What an inspiring post! Sounds like you've been having a great time up there in Liverpool.

There's a lot to be learned from situations like these where the print and online operations have to work really closely together to ensure you get the coverage and balance right.

Interesting about the tweets not being valued, people wanting more in-depth rather than just tit-tat rumours?

scribblercraig said...

Cracking post but I wanted to check one thing with you:

>LFC sale updates on the general news @LiveEchoNews Twitter (online)<

You say this wasn't valued - can I ask why? Did people expect sport to have its own feed and the one used should be for more front-of-book news?

Unknown said...

Hello Ed and Craig, thanks for the kind comments :)
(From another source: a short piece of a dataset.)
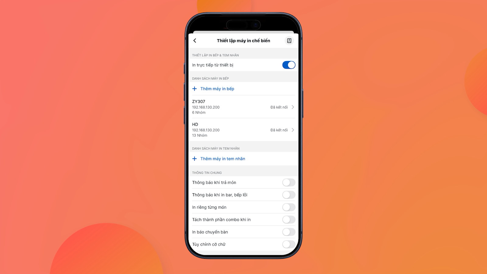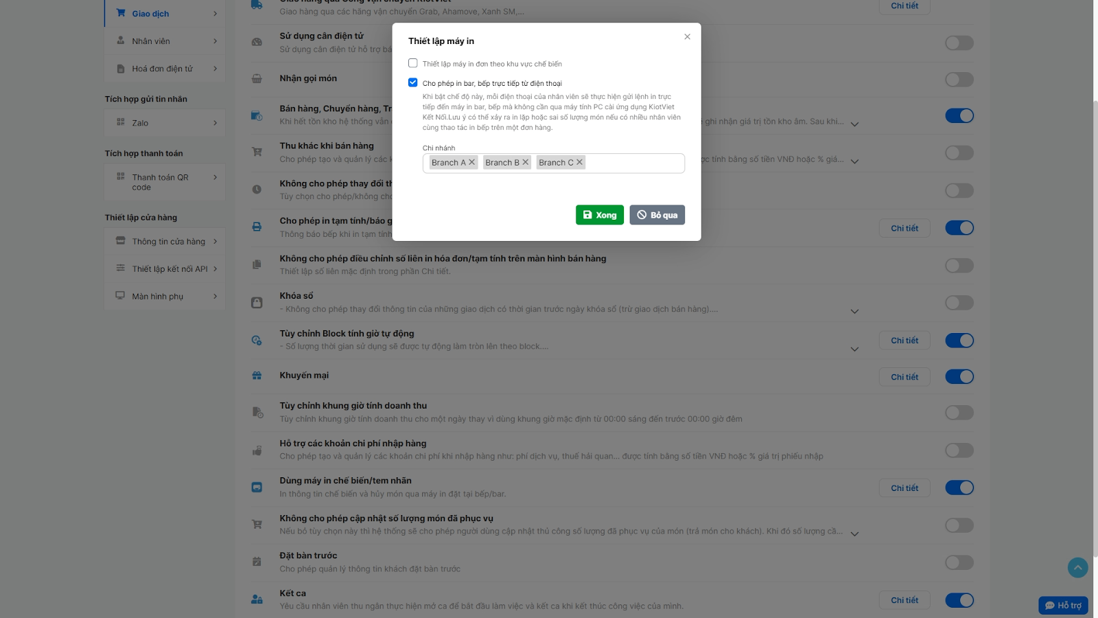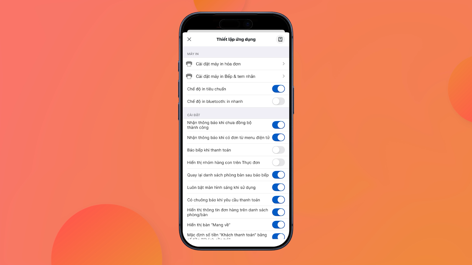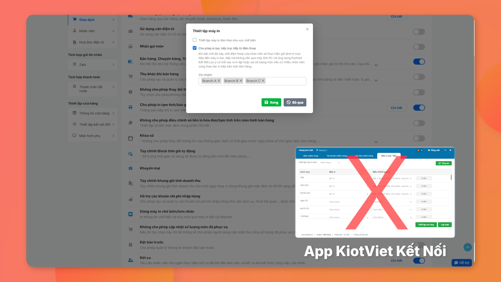- Quan trọng: TẮT tùy chọn “Cho phép in bar, bếp trực tiếp từ điện thoại”.
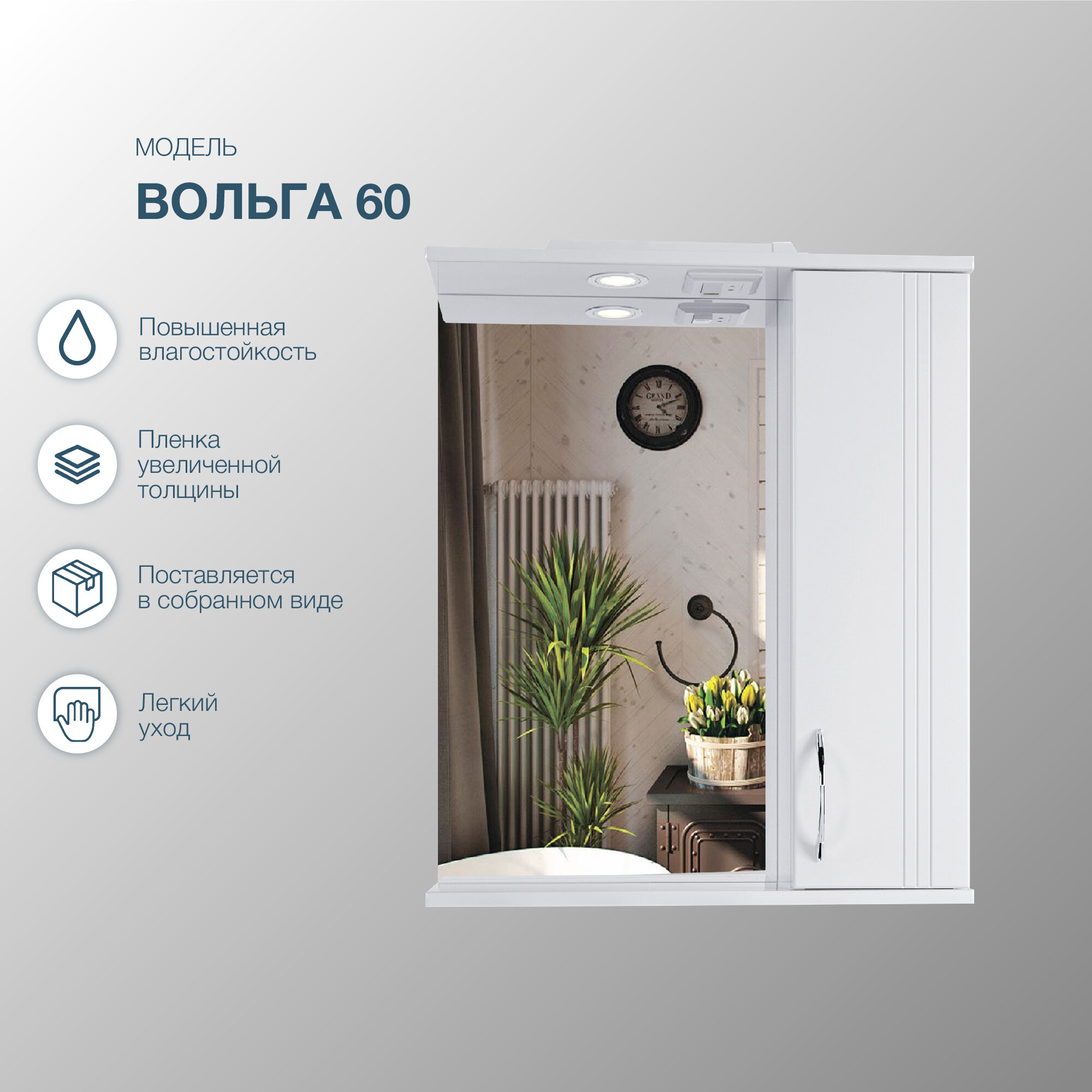 | Расположение подсветки | встроенная над зеркалом |

Using Twitter for this saga threw up some interesting issues.
It allowed us to break stories, respond to fan questions and engage - but it also annoyed a number of followers (Our Facebook page showed a similar picture).
For while LFC fans were retweeting our stories like crazy, Evertonians and non-football fans who followed what they perceived as the Echo's NEWS Twitter got extremely tense after several days of @LivEchoNews (we have specifc LivEchoLFC and LivEchoEFC football streams) running lots and lots of Liverpool FC news.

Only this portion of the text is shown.